=== WHAT YOU HAVE TO DO ===
Below are records. Copy every line with "excellent" in it.
··· RECORDS FOR THE EXERCISE ···
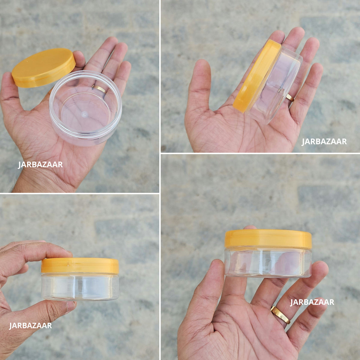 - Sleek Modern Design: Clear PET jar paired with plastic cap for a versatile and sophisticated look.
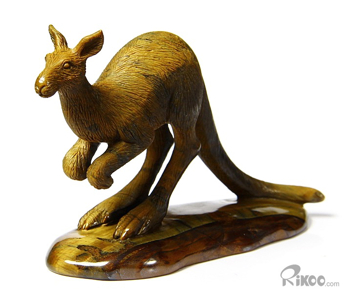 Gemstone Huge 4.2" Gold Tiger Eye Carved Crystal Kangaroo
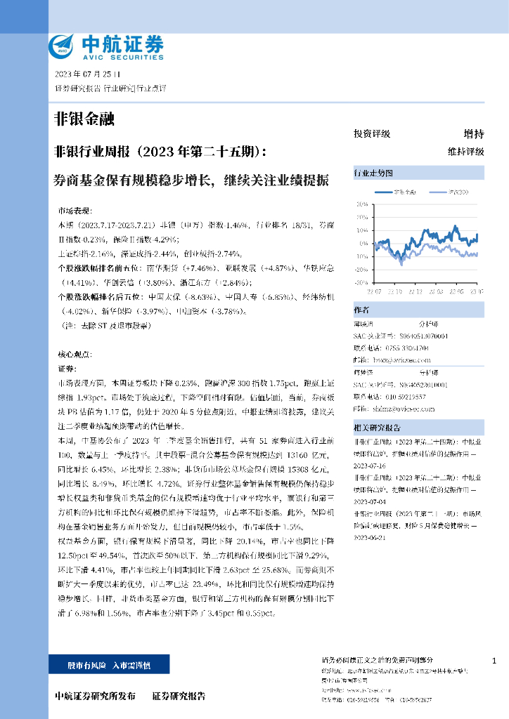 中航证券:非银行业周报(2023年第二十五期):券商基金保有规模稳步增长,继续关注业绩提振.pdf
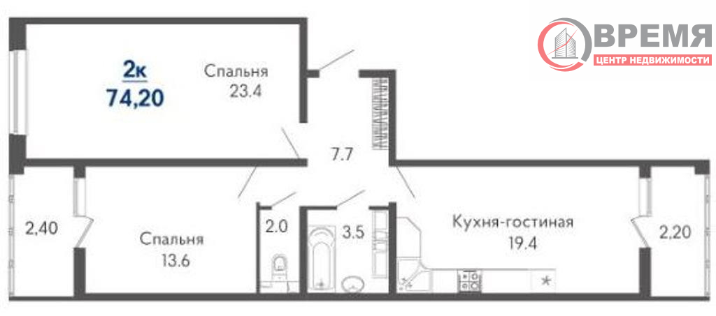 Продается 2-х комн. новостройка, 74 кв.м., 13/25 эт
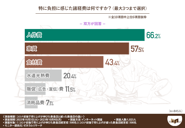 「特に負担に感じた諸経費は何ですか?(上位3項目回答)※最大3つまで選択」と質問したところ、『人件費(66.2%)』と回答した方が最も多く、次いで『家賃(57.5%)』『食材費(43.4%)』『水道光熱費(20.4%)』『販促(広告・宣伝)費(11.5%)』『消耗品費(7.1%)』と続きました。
···
··· RECORDS FOR THE EXERCISE ···
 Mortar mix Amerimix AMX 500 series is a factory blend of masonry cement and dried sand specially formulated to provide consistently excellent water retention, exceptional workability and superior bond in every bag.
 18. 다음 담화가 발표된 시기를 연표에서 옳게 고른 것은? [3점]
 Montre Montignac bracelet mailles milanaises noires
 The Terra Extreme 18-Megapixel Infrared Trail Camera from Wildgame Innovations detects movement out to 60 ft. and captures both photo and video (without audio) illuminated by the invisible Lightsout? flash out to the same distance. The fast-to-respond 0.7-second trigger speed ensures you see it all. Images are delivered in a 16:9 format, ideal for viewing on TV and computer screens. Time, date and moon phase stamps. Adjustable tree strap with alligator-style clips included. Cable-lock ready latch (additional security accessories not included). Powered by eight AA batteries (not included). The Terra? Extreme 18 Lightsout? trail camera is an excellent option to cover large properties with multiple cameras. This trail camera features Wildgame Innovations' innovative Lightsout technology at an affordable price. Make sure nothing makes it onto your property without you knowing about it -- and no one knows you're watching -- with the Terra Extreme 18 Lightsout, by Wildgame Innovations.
···
=== ANSWER FOR THE TASK ===
 Mortar mix Amerimix AMX 500 series is a factory blend of masonry cement and dried sand specially formulated to provide consistently excellent water retention, exceptional workability and superior bond in every bag.
 The Terra Extreme 18-Megapixel Infrared Trail Camera from Wildgame Innovations detects movement out to 60 ft. and captures both photo and video (without audio) illuminated by the invisible Lightsout? flash out to the same distance. The fast-to-respond 0.7-second trigger speed ensures you see it all. Images are delivered in a 16:9 format, ideal for viewing on TV and computer screens. Time, date and moon phase stamps. Adjustable tree strap with alligator-style clips included. Cable-lock ready latch (additional security accessories not included). Powered by eight AA batteries (not included). The Terra? Extreme 18 Lightsout? trail camera is an excellent option to cover large properties with multiple cameras. This trail camera features Wildgame Innovations' innovative Lightsout technology at an affordable price. Make sure nothing makes it onto your property without you knowing about it -- and no one knows you're watching -- with the Terra Extreme 18 Lightsout, by Wildgame Innovations.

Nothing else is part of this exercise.